Task requirements –
Transcribe all of the records word for word, please, omitting the pictures.

Available records –
★ ★ ★ ★ ★
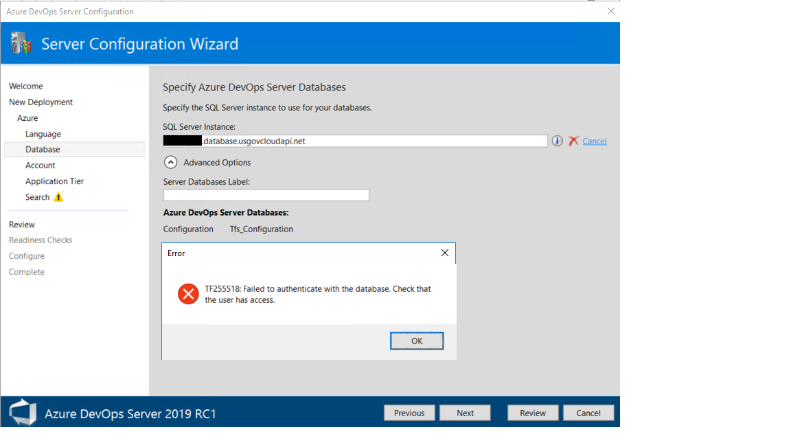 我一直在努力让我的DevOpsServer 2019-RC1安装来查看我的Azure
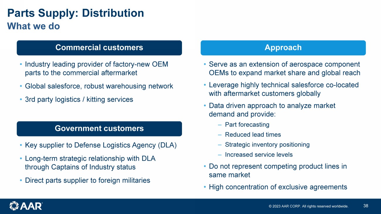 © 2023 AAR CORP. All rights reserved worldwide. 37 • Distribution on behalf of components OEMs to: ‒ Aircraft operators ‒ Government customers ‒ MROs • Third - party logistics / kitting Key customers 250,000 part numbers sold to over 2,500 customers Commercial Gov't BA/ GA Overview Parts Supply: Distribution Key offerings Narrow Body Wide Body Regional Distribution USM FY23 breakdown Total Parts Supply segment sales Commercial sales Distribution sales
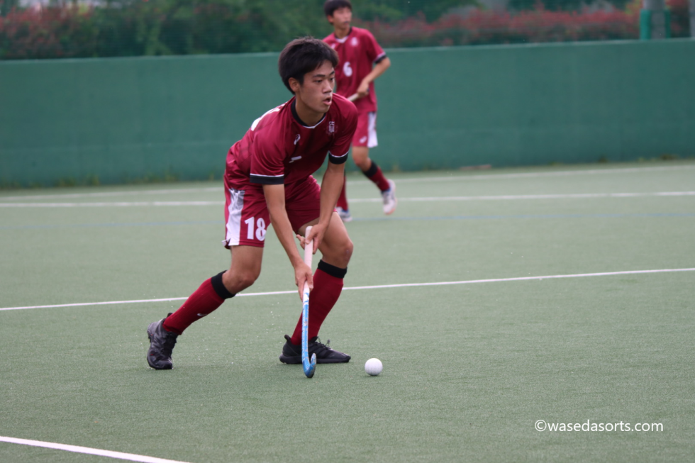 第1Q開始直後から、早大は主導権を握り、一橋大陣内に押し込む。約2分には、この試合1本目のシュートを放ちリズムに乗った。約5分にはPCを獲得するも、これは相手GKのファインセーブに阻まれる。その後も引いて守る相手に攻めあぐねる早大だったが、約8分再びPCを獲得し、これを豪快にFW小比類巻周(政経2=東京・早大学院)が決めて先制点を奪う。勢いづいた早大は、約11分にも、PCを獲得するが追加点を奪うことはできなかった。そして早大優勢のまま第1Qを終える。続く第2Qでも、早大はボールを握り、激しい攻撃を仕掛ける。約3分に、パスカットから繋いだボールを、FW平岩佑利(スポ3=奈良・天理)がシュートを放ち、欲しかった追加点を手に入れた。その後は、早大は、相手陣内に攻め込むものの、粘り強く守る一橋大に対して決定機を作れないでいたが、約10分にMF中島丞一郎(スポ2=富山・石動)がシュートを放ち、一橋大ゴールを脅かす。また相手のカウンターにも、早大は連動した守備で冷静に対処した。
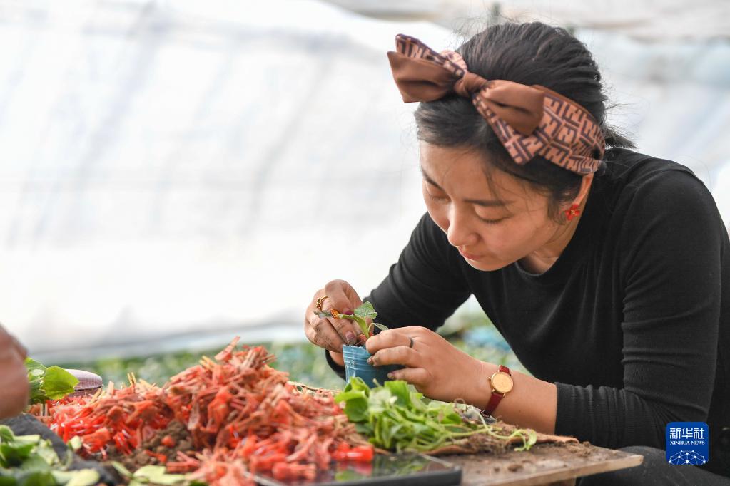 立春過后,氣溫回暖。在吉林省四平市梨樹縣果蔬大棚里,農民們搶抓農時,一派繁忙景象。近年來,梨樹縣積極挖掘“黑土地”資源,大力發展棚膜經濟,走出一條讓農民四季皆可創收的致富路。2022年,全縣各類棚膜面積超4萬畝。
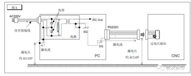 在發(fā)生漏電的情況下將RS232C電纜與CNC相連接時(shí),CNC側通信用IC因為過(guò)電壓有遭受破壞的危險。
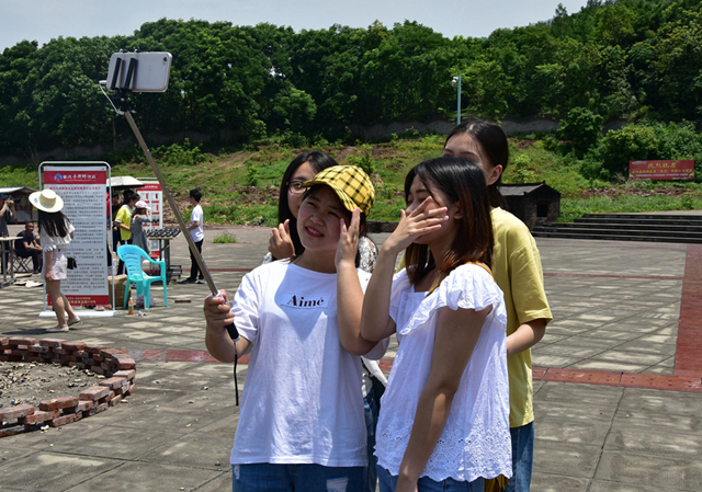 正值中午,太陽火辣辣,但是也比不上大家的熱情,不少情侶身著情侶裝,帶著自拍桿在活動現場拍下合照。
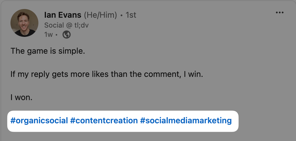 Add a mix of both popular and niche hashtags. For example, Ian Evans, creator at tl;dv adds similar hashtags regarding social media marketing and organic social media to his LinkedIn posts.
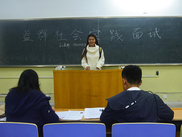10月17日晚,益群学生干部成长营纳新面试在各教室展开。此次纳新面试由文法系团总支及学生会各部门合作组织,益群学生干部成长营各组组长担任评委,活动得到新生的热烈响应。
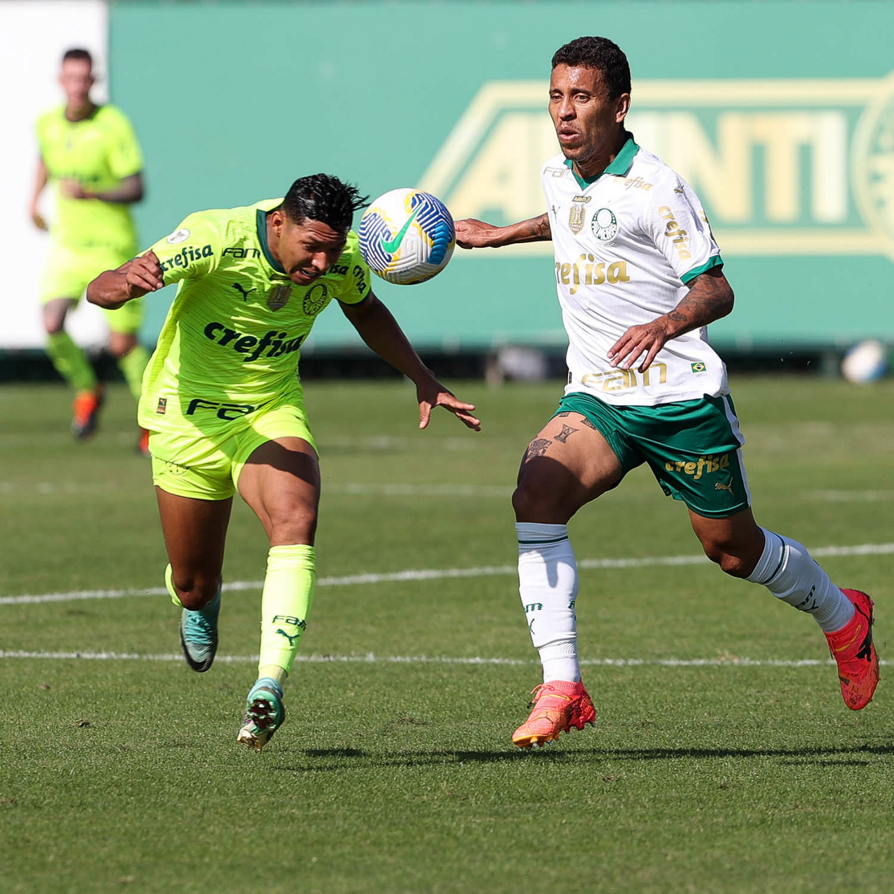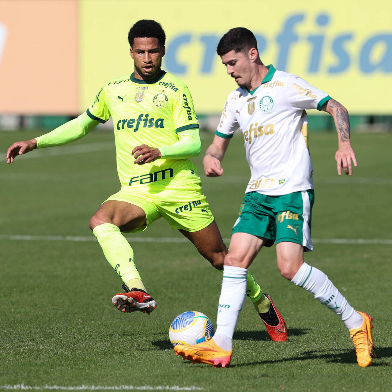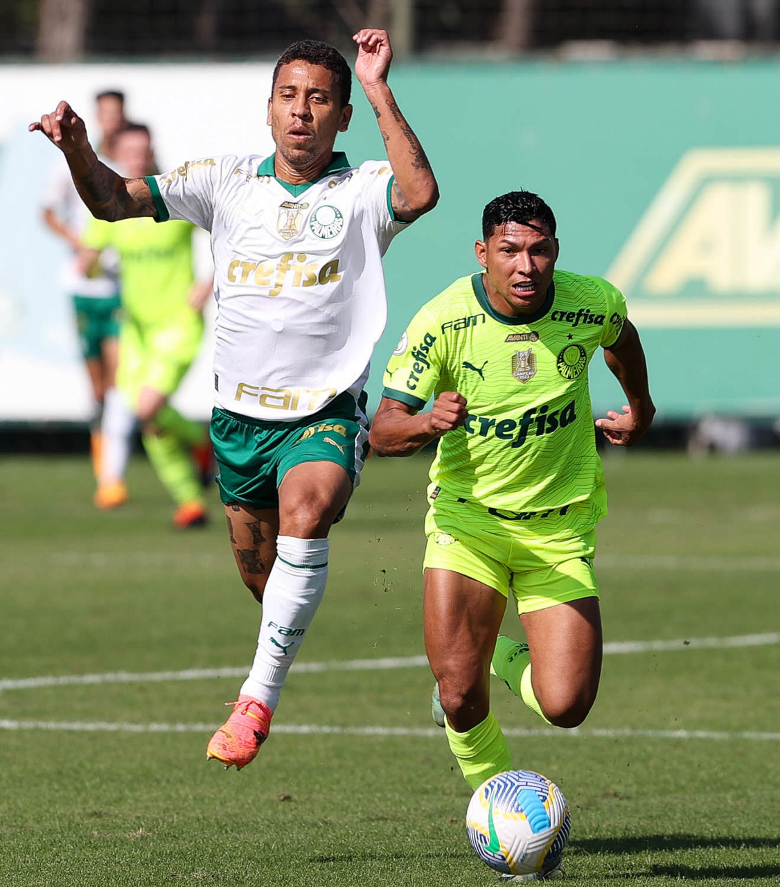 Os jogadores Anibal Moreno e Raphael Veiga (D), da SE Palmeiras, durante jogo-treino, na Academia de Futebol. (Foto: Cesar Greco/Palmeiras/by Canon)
★ ★ ★ ★ ★
Answer area –
 我一直在努力让我的DevOpsServer 2019-RC1安装来查看我的Azure
 © 2023 AAR CORP. All rights reserved worldwide. 37 • Distribution on behalf of components OEMs to: ‒ Aircraft operators ‒ Government customers ‒ MROs • Third - party logistics / kitting Key customers 250,000 part numbers sold to over 2,500 customers Commercial Gov't BA/ GA Overview Parts Supply: Distribution Key offerings Narrow Body Wide Body Regional Distribution USM FY23 breakdown Total Parts Supply segment sales Commercial sales Distribution sales
 第1Q開始直後から、早大は主導権を握り、一橋大陣内に押し込む。約2分には、この試合1本目のシュートを放ちリズムに乗った。約5分にはPCを獲得するも、これは相手GKのファインセーブに阻まれる。その後も引いて守る相手に攻めあぐねる早大だったが、約8分再びPCを獲得し、これを豪快にFW小比類巻周(政経2=東京・早大学院)が決めて先制点を奪う。勢いづいた早大は、約11分にも、PCを獲得するが追加点を奪うことはできなかった。そして早大優勢のまま第1Qを終える。続く第2Qでも、早大はボールを握り、激しい攻撃を仕掛ける。約3分に、パスカットから繋いだボールを、FW平岩佑利(スポ3=奈良・天理)がシュートを放ち、欲しかった追加点を手に入れた。その後は、早大は、相手陣内に攻め込むものの、粘り強く守る一橋大に対して決定機を作れないでいたが、約10分にMF中島丞一郎(スポ2=富山・石動)がシュートを放ち、一橋大ゴールを脅かす。また相手のカウンターにも、早大は連動した守備で冷静に対処した。
 立春過后,氣溫回暖。在吉林省四平市梨樹縣果蔬大棚里,農民們搶抓農時,一派繁忙景象。近年來,梨樹縣積極挖掘“黑土地”資源,大力發展棚膜經濟,走出一條讓農民四季皆可創收的致富路。2022年,全縣各類棚膜面積超4萬畝。
 在發(fā)生漏電的情況下將RS232C電纜與CNC相連接時(shí),CNC側通信用IC因為過(guò)電壓有遭受破壞的危險。
 正值中午,太陽火辣辣,但是也比不上大家的熱情,不少情侶身著情侶裝,帶著自拍桿在活動現場拍下合照。
 Add a mix of both popular and niche hashtags. For example, Ian Evans, creator at tl;dv adds similar hashtags regarding social media marketing and organic social media to his LinkedIn posts.
10月17日晚,益群学生干部成长营纳新面试在各教室展开。此次纳新面试由文法系团总支及学生会各部门合作组织,益群学生干部成长营各组组长担任评委,活动得到新生的热烈响应。
 Os jogadores Anibal Moreno e Raphael Veiga (D), da SE Palmeiras, durante jogo-treino, na Academia de Futebol. (Foto: Cesar Greco/Palmeiras/by Canon)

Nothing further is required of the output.